Feb. 20 Talk at OSU to Look at Alt-fuel Biobutanol

Writer:

Kurt Knebusch
knebusch.1@osu.edu
330-263-3776

Source:

Fred Michel, Food, Agricultural, and Biological Engineering
michel.36@osu.edu
330-263-3859


COLUMBUS, Ohio — “Biobutanol as an Energy Alternative” is the topic when the winter seminar series of Ohio State University’s Department of Food, Agricultural, and Biological Engineering continues on Friday, Feb. 20, at noon.

Thaddeus Ezeji, who studies fermentation biology as an assistant professor in Ohio State’s Department of Animal Sciences, will speak.

Attend by video link on Ohio State’s Columbus campus (219 Agricultural Engineering Building) or at the university’s Ohio Agricultural Research and Development Center (OARDC) in Wooster (212 Agricultural Engineering Building).

For more information, call (330) 263-3859.

Ezeji’s research focuses on the microbial conversion of animal and food industry wastes to bio-energy and other value-added products.
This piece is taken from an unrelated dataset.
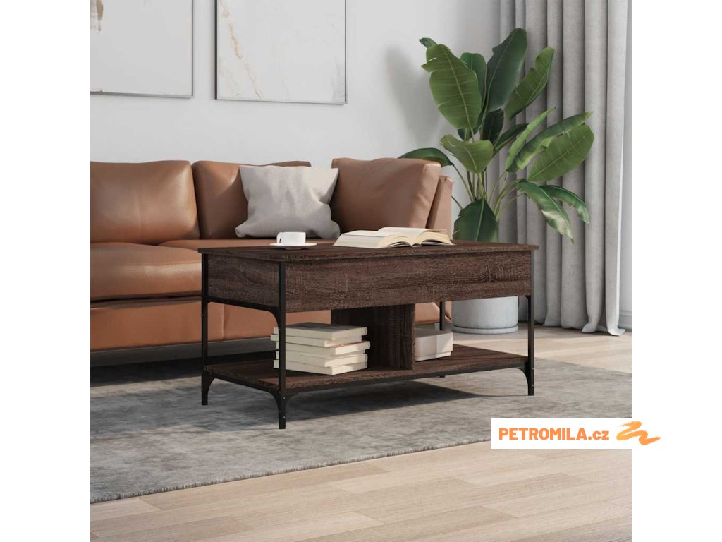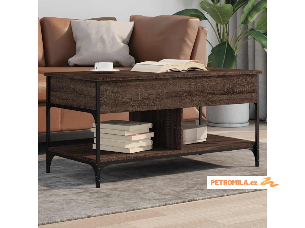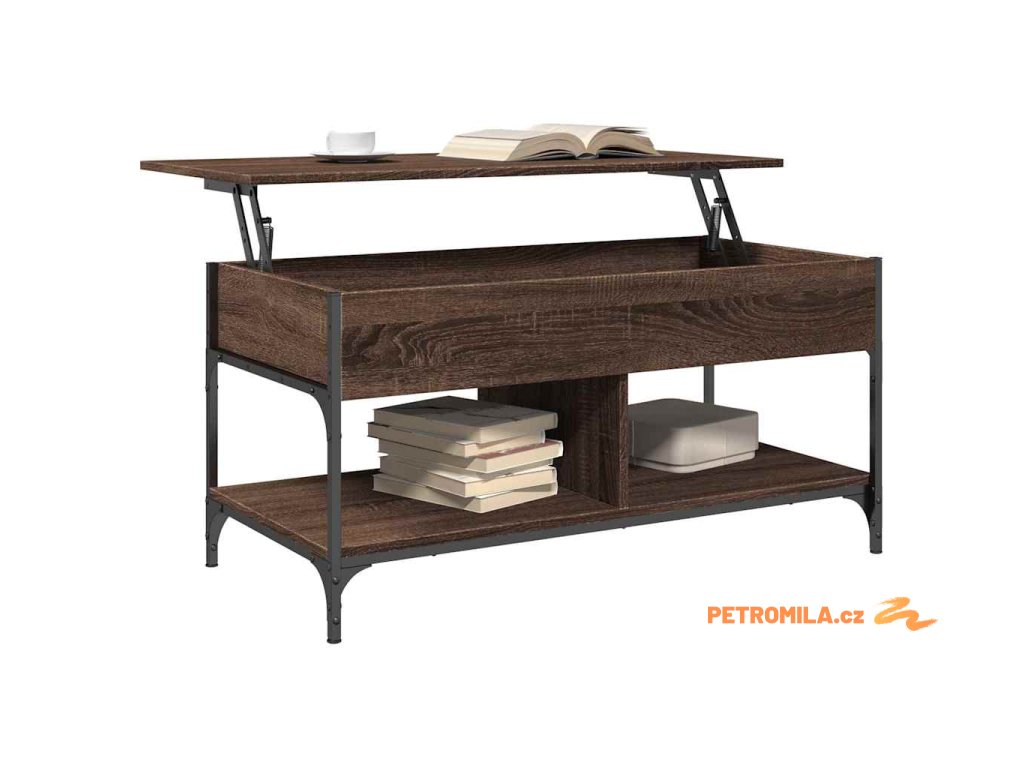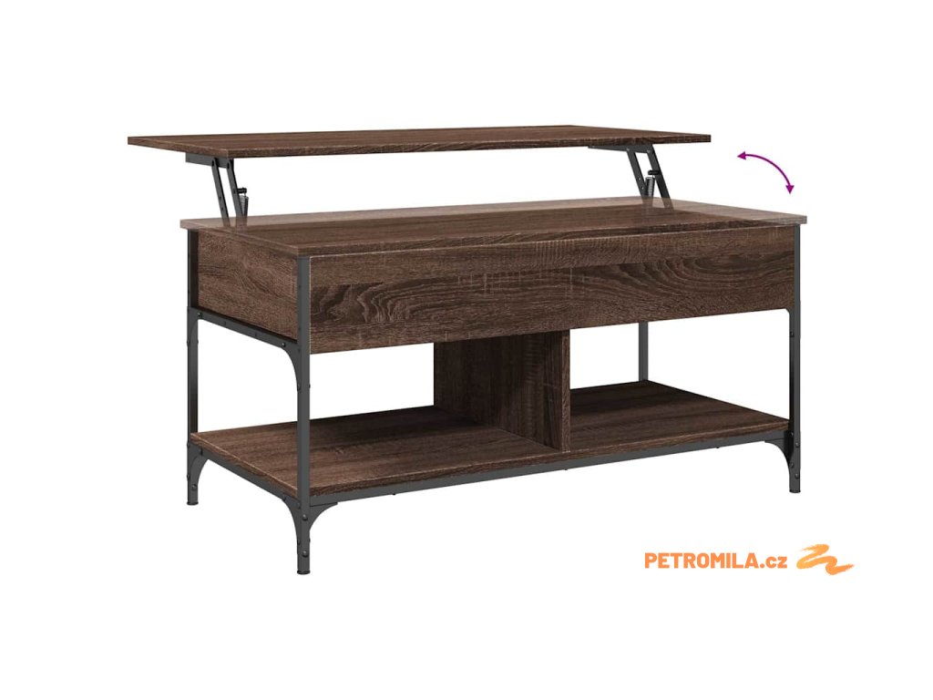 - Design se zvedací deskou: Stolní deska tohoto stolku k pohovce se dá hladce zvednout do pohodlné výšky, a tím jej přeměnit na místo, kde můžete pracovat nebo stolovat.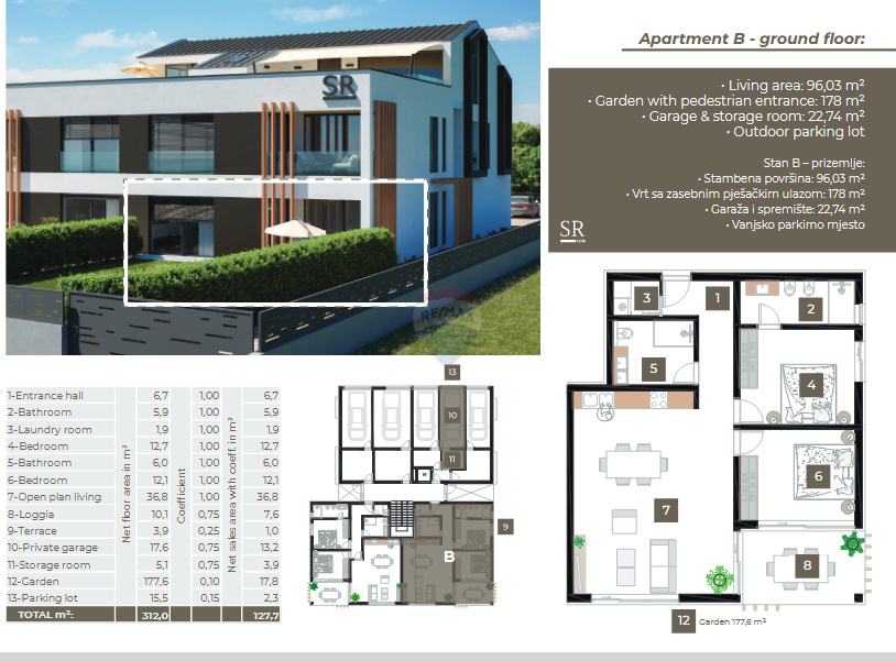 Ispred stana nalazi se vlastiti vrt od 177,6m2.

He earned his doctorate in microbiology, magna cum laude, from the University of Rostock, Germany, in 2001.

“Like ethanol, biobutanol is a liquid alcohol fuel that can be used in today’s gasoline-powered internal combustion engines,” says the Web site of the U.S. Department of Energy’s Alternative Fuels and Advanced Vehicles Data Center.

“The properties of biobutanol make it highly amenable to blending with gasoline,” the Web site says. “It is also compatible with ethanol blending and can improve the blending of ethanol with gasoline.”

Next in the series is “Anaerobic Digestion Systems for Biogas Energy in Ohio” by Clemens Halene, vice president of engineering, Schmack BioEnergy, noon, Friday, Feb. 27, in the same locations.

See the complete series schedule at http://www.oardc.ohio-state.edu/newfabe/news_and_updates/seminars/Wi2009sem.pdf.

The Department of Food, Agricultural, and Biological Engineering is part of Ohio State’s College of Food, Agricultural, and Environmental Sciences.

OARDC is the college’s research arm and is the largest university agbioscience research center in the nation.